In October 2025, the DeFi market witnessed another massive liquidation cascade. The target was a token called “NAIT,” widely used as lending collateral. A minor price drop originating from MEXC’s thin order book triggered a chain reaction of automatic liquidations, wiping out the majority of its market capitalization within hours.
Market participants initially viewed it as a routine price correction, but the situation transformed dramatically by the weekend. Social media and news outlets buzzed with warnings of “another Venus collapse.”

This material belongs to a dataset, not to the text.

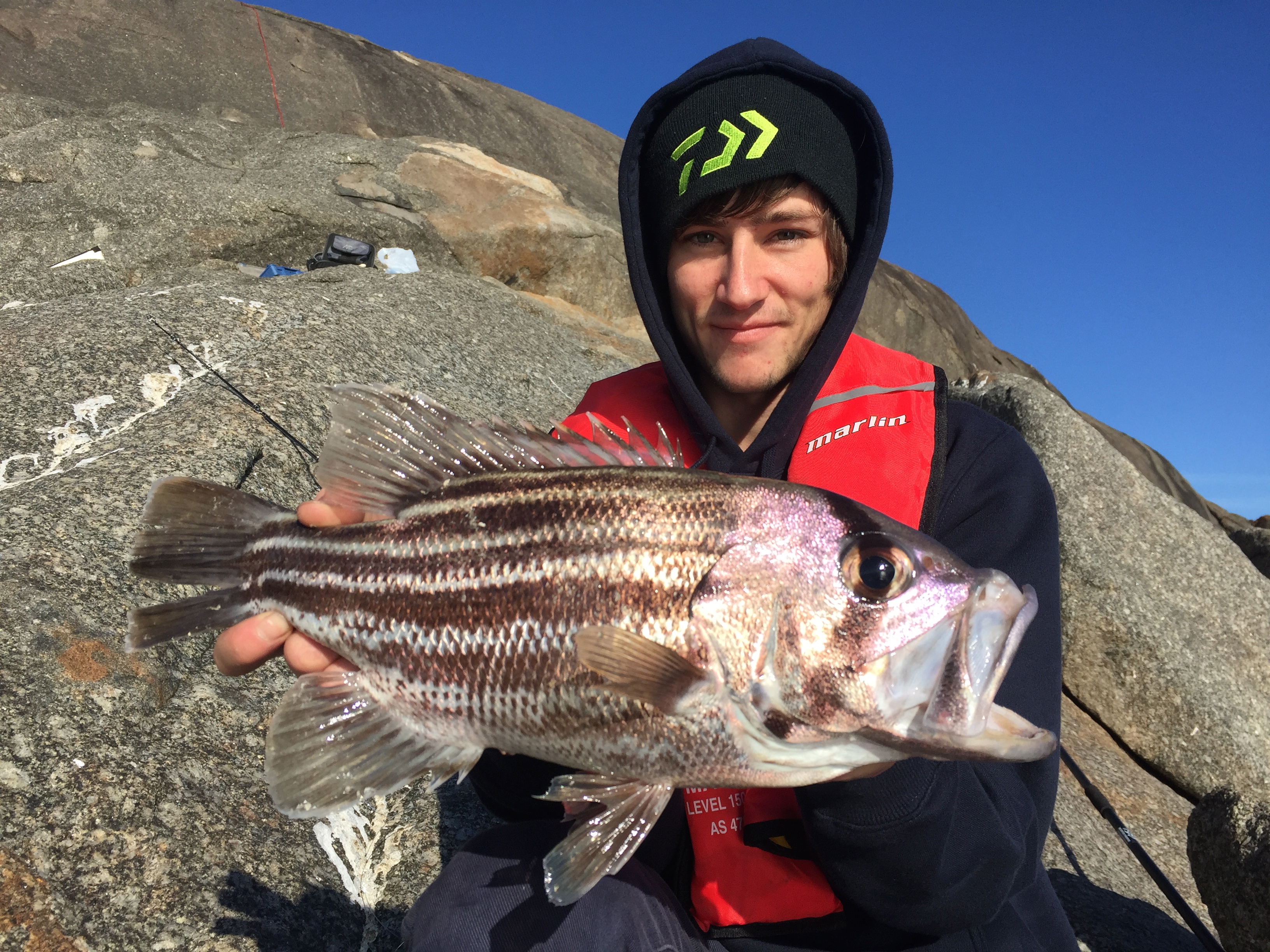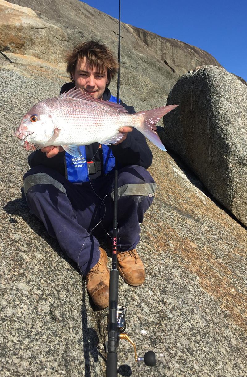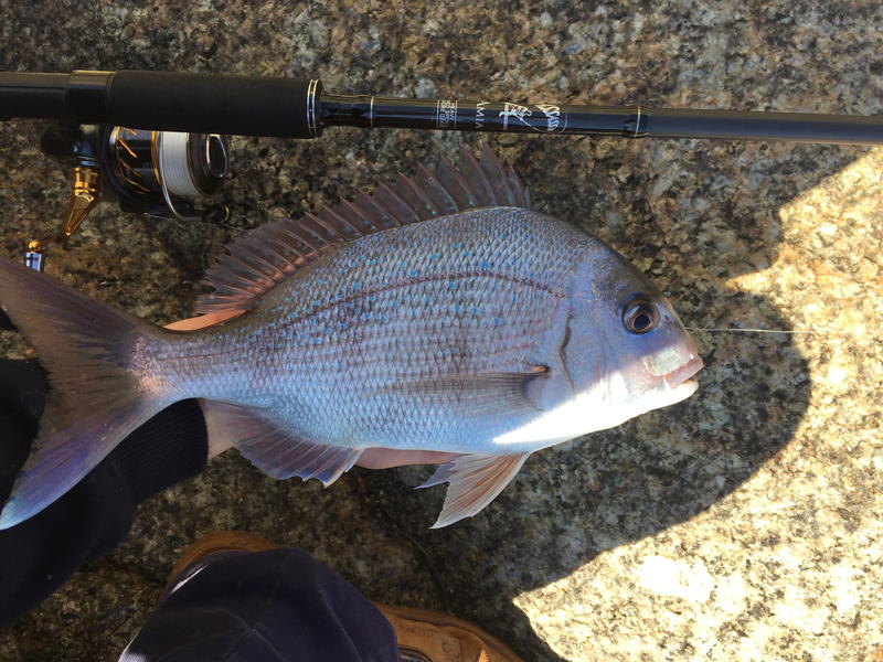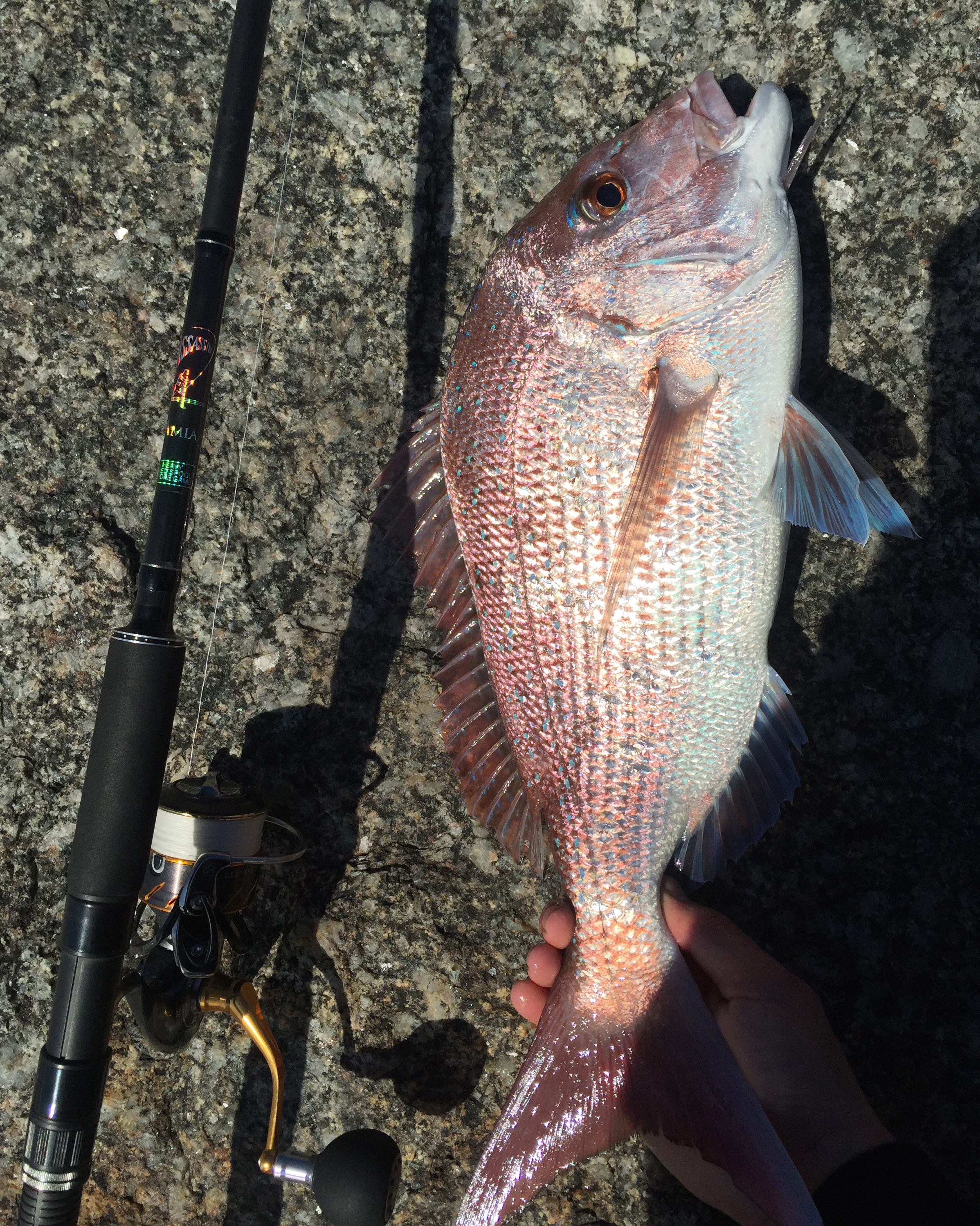 managed to get out for a fish with my brother a couple of weeks ago being my first proper fish in nearly 6 weeks so i was hanging to get out!! target for the day was sambos at a common spot but after 6 hours of live herring not a sniff but with the light gear throwing half mulies as bait we managed a pretty fun day!! managed to land 10 little pinkies and 2 small dhuies off the rocks between us, all the undersized fish went back and one pinky was kept for a feed. went bloody hard on 20lb gear, 3012H certate and assassin amia 11ft rod for me landing all but one pinky and a dhiuie myself.

Structural Vulnerability: A System That Worked Perfectly
NAIT’s collapse wasn’t caused by hacking or manipulation — it resulted from liquidation algorithms functioning exactly as programmed. When the price drop exceeded a certain threshold, collateral values were automatically reassessed, and bots sold NAIT on the market to protect borrowed positions. This cascade pressured MEXC’s shallow liquidity, inducing further declines.
With each liquidation, oracles updated prices, triggering new liquidation conditions. Without human intervention, trades continued “without pause.” Consequently, DeFi’s automated efficiency transformed into an “acceleration mechanism for destruction.”
Evaporation of Trust and Liquidity
Market liquidity evaporated rapidly. Even minor trades moved prices by over 10%, creating abnormal conditions that drove traders away. As a result, NAIT became effectively “an untouchable asset.”
This trajectory mirrored the 2022 Venus Protocol collapse. While that incident stemmed from an oracle malfunction, this time the system operated normally, yet that very normalcy caused the breakdown.
The Risk of Human Absence Behind Automation
The NAIT incident exposed DeFi’s structural risks. A “free market” without central authority is simultaneously an uncontrollable market. Bots don’t panic. They simply execute instructions, liquidating continuously.
The outcome was a market stripped of “human will,” dominated solely by cold code. This case serves as a symbolic event contrasting DeFi’s ideal of autonomy against the reality of its fragility.